▶ [YOUR GOAL]: Reproduce only this range: the line holding "Golden grilled chicken" through the last line of the data below, both included, exactly, with no pictures.

DATA BELOW: Begin

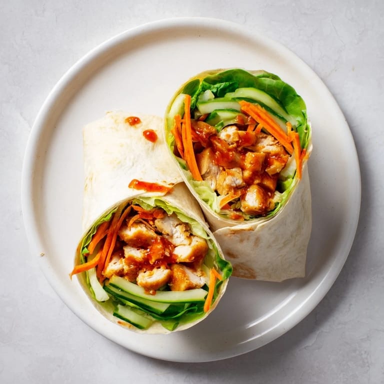 Prepare the components separately in advance—cook and sauce the chicken, chop vegetables, and store in airtight containers. Assemble wraps just before serving to prevent tortillas from becoming soggy.
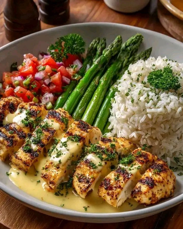 Golden grilled chicken paired with lemony butter sauce, tender asparagus, and aromatic herb rice. This complete plate is fresh, satisfying, and perfect for spring or summer evenings.
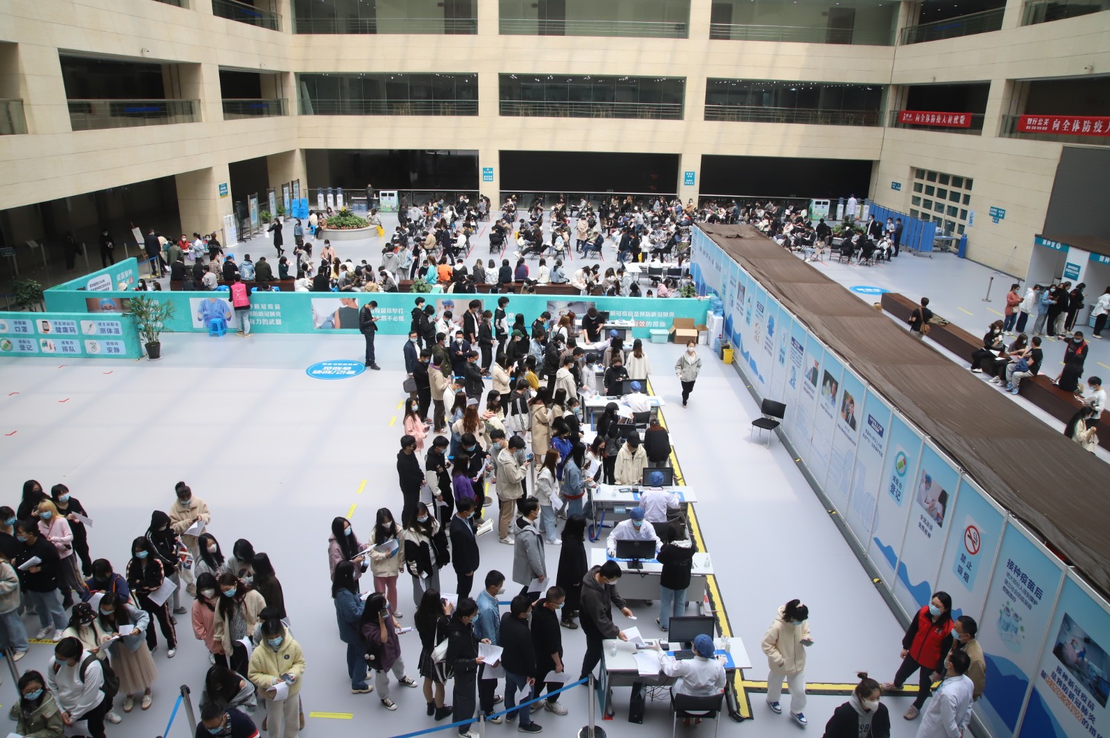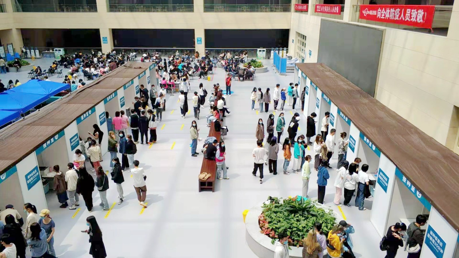 方舱临时接种点按照流程设置了多个功能区域,进出都是单向通行,设置有多条引导咨询通道,12个预检台、16个接种室、上百个留观座位,确保接种工作顺利进行。

DATA BELOW: End

▶ [WORKED SOLUTION]:
 Golden grilled chicken paired with lemony butter sauce, tender asparagus, and aromatic herb rice. This complete plate is fresh, satisfying, and perfect for spring or summer evenings.
 方舱临时接种点按照流程设置了多个功能区域,进出都是单向通行,设置有多条引导咨询通道,12个预检台、16个接种室、上百个留观座位,确保接种工作顺利进行。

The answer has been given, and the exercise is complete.